Michael Godel , WineAlign
92
As if Norm Hardie’s wines were not already paradoxes enough he just had to go there. In a time where there’s a remarkably great deal of homogeneity some wines are so over the top they could only be from that place. That place is the Niagara Peninsula, a three-hour drive west from Hardie's Prince Edward County camp. Cuvée Paradoxe delivers a low-alcohol Germanesque experience but with more Peninsula leanness and yet the juicy-driven nature is shot injected into both arms by a limestone syringe. It’s really a paradox because despite the 20 g/L of residual sugar the 9.5 per cent alcohol doesn’t quite seem to be plausible with the amount of dry extract, incurvate fruit and grape tannin involved. Apparently it’s not a thing of impossibility, which comes as little surprise in cases involving Hardie's risks. Is there perhaps an ode here to Champagne by the satirist Didier Gimmonet, if only because this is richer and sweeter, more immediate and fruit-focused than the typical Hardie white? I don't know, go ask Norm. Drink 2018-2022. Tasted April 2018.

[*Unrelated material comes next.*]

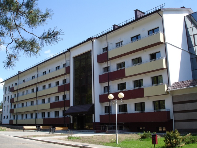 Корпус №2 - 4-х этажный, без лифта, без теплых переходов Корпус стал четырехэтажным (появился мансардный этаж). Теперь в нём 58 одноместных номеров. В 50 номерах могут разместиться 2 человека (например супруги или мать с ребенком), так как номера оснащены двуспальными кроватями.

Chris Waters , Waters and Wine
This is an expressive and delicious off-dry Riesling that was aged on fine lees for eight months to impart more texture and complexity. The Paradoxe implied in the name is that the Riesling vineyard was ready to pick much earlier than anticipated, which set the ball rolling for Hardie and his inspired team to adopt a different approach. Instead of the traditional racy and minerally style championed by Hardie, this boasts purity of fresh fruit and a long stony finish. It’s drinking beautifully now, but promises to develop more complexity and character with time in bottle. Drink now to 2023. Highly Recommended.